LDA是一种以目标:
- 类重心点距离最大
- 类内点距离小
但是对于情况:两个类重心点很近,但是各个点距离很远的情况,适用性不好。下面举个例子。
1、数据生成
首先建立一个函数
%生成一系列园点
function [x1,y1] = creat_circle(r1 , r1_ratio,sita_ratio)
sita = 0:0.05:2*pi;
all_num = size(sita);
all_num = all_num(1,2);
%rand : sita
sita_p = randperm(all_num,floor(sita_ratio*all_num));
%rand : r
r_p = rand(1,floor(sita_ratio*all_num))*r1*r1_ratio;
r1_p = repmat(r1,1,floor(sita_ratio*all_num));
r1_p = r1_p - r_p;
x1 = r1_p.*cos(sita_p);
y1 = r1_p.*sin(sita_p);
scatter(x1,y1)
然后使用程序(matlab)
clear;clc;close all;
[x1,y1] = creat_circle(3,0.05,0.95);
[x2,y2] = creat_circle(5,0.05,0.95);
[x3,y3] = creat_circle(9,0.05,0.95);
num = size(x1);
z1 = normrnd(5,1,1,num(1,2))+x1;
z2 = wgn(1,num(1,2),1)+4+y2;
z3 = rand(1,num(1,2))+2+x3;
% 画
figure(1)
scatter(x1,y1,'r')
hold on
scatter(x2,y2,'b')
scatter(x3,y3,'g')
figure(2)
scatter3(x1,y1,z1,'r')
hold on
scatter3(x2,y2,z2,'b');
scatter3(x3,y3,z3,'g');
可以看出数据点的分布:
显然是有规律的(类似行星环)
但是进过LDA降维(降至2维)就失去了特性。
2、LDA降维
首先从网上查了一个LDA函数:
function [mappedX, mapping] = FisherLDA(X, labels, no_dims)

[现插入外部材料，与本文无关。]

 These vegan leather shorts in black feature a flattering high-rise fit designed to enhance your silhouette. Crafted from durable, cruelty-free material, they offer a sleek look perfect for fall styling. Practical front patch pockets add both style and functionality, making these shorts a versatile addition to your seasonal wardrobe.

%LDA Perform the LDA algorithm
%
% [mappedX, mapping] = lda(X, labels, no_dims)
%
% The function runs LDA on a set of datapoints X. The variable
% no_dims sets the number of dimensions of the feature points in the
% embedded feature space (no_dims >= 1, default = 2). The maximum number
% for no_dims is the number of classes in your data minus 1.

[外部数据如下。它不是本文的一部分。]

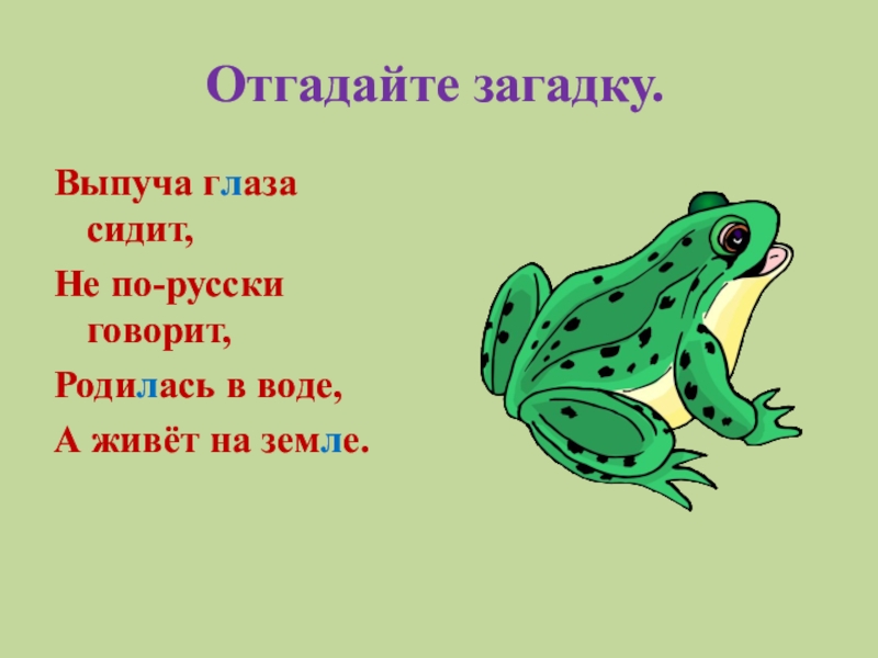 Отгадайте загадку.Выпуча глаза сидит,Не по-русски говорит,Родилась в воде,А живёт на земле.

% The function returns the coordinates of the low-dimensional data in
% mappedX. Furthermore, it returns information on the mapping in mapping.
%
%
% This file is part of the Matlab Toolbox for Dimensionality Reduction.

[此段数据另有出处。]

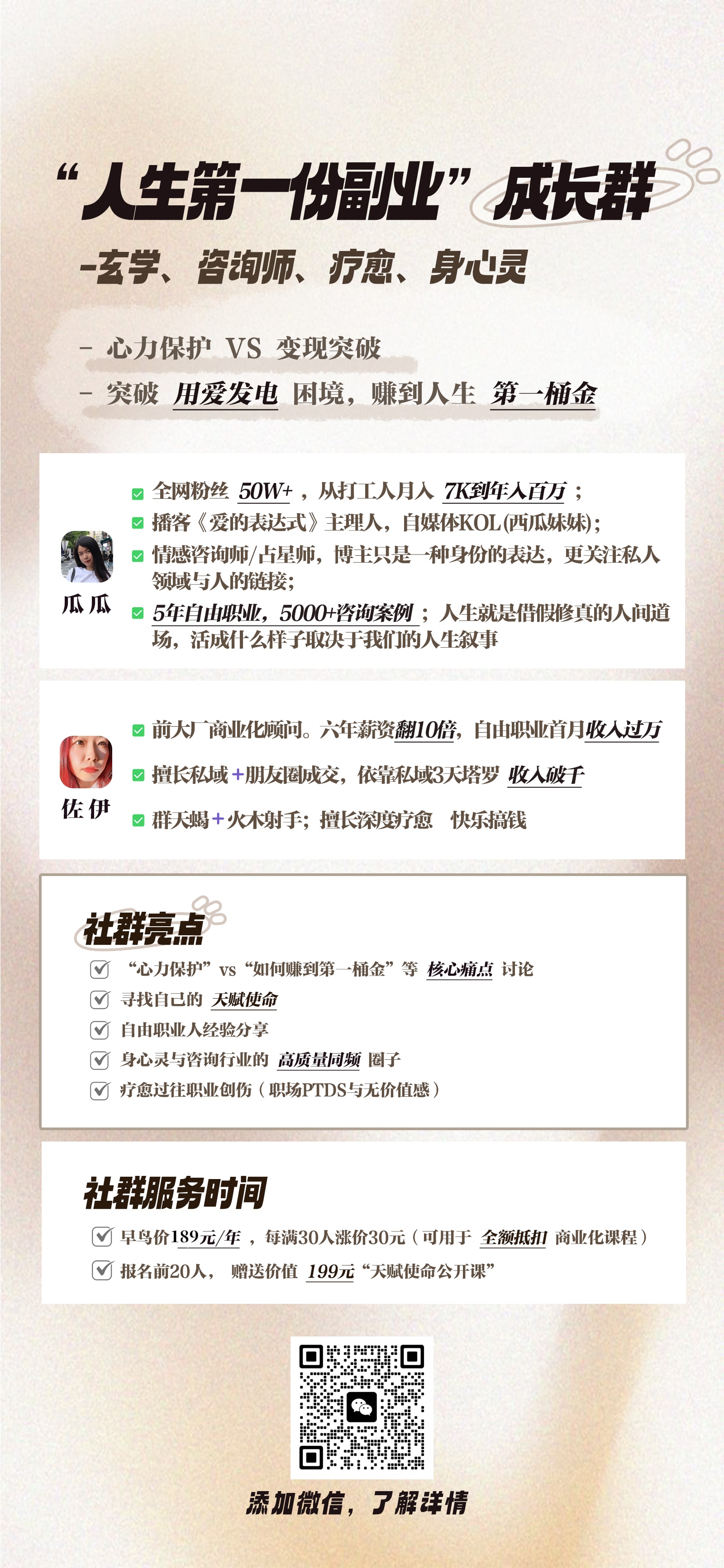 2.六年薪资翻10倍,自由职业首月收入过万,擅长私域+朋友圈成交,依靠私域3天塔罗 收人破千

% The toolbox can be obtained from http://homepage.tudelft.nl/19j49
% You are free to use, change, or redistribute this code in any way you
% want for non-commercial purposes. However, it is appreciated if you
% maintain the name of the original author.
%
% (C) Laurens van der Maaten, Delft University of Technology
if ~exist('no_dims', 'var') || isempty(no_dims)
no_dims = 2;
end
% Make sure data is zero mean
mapping.mean = mean(X, 1);
X = bsxfun(@minus, X, mapping.mean);
% Make sure labels are nice
[classes, bar, labels] = unique(labels);
nc = length(classes);
% Intialize Sw
Sw = zeros(size(X, 2), size(X, 2));
% Compute total covariance matrix
St = cov(X);
% Sum over classes
for i=1:nc
% Get all instances with class i
cur_X = X(labels == i,:);
% Update within-class scatter
C = cov(cur_X);
p = size(cur_X, 1) / (length(labels) - 1);
Sw = Sw + (p * C);
end
% Compute between class scatter
Sb = St - Sw;
Sb(isnan(Sb)) = 0; Sw(isnan(Sw)) = 0;
Sb(isinf(Sb)) = 0; Sw(isinf(Sw)) = 0;
% Make sure not to embed in too high dimension
if nc <= no_dims
no_dims = nc - 1;
warning(['Target dimensionality reduced to ' num2str(no_dims) '.']);
end
% Perform eigendecomposition of inv(Sw)*Sb
[M, lambda] = eig(Sb, Sw);
% Sort eigenvalues and eigenvectors in descending order
lambda(isnan(lambda)) = 0;
[lambda, ind] = sort(diag(lambda), 'descend');
M = M(:,ind(1:min([no_dims size(M, 2)])));
% Compute mapped data
mappedX = X * M;
% Store mapping for the out-of-sample extension
mapping.M = M;
mapping.val = lambda;
然后运行总代码:
% 建立坐标点
clear;clc;close all;
[x1,y1] = creat_circle(3,0.05,0.95);
[x2,y2] = creat_circle(5,0.05,0.95);
[x3,y3] = creat_circle(9,0.05,0.95);
num = size(x1);
z1 = normrnd(5,1,1,num(1,2))+x1;
z2 = wgn(1,num(1,2),1)+4+y2;
z3 = rand(1,num(1,2))+2+x3;
% 画
figure(1)
scatter(x1,y1,'r')
hold on
scatter(x2,y2,'b')
scatter(x3,y3,'g')
figure(2)
scatter3(x1,y1,z1,'r')
hold on
scatter3(x2,y2,z2,'b');
scatter3(x3,y3,z3,'g');
X = [x1,x2,x3];
Y = [y1,y2,y3];
Z = [z1,z2,z3];
data = [X;Y;Z]';
label_11 = zeros(size(x1))+1;
label_2 = zeros(size(x2))+2;
label_3 = zeros(size(x3))+3;
labels = [label_11,label_2,label_3];
[mappedX, ~] = FisherLDA(data, labels, 2);
figure(2)
hold on
axis equal
scatter(mappedX(1:119,1),mappedX(1:119,2),'r*')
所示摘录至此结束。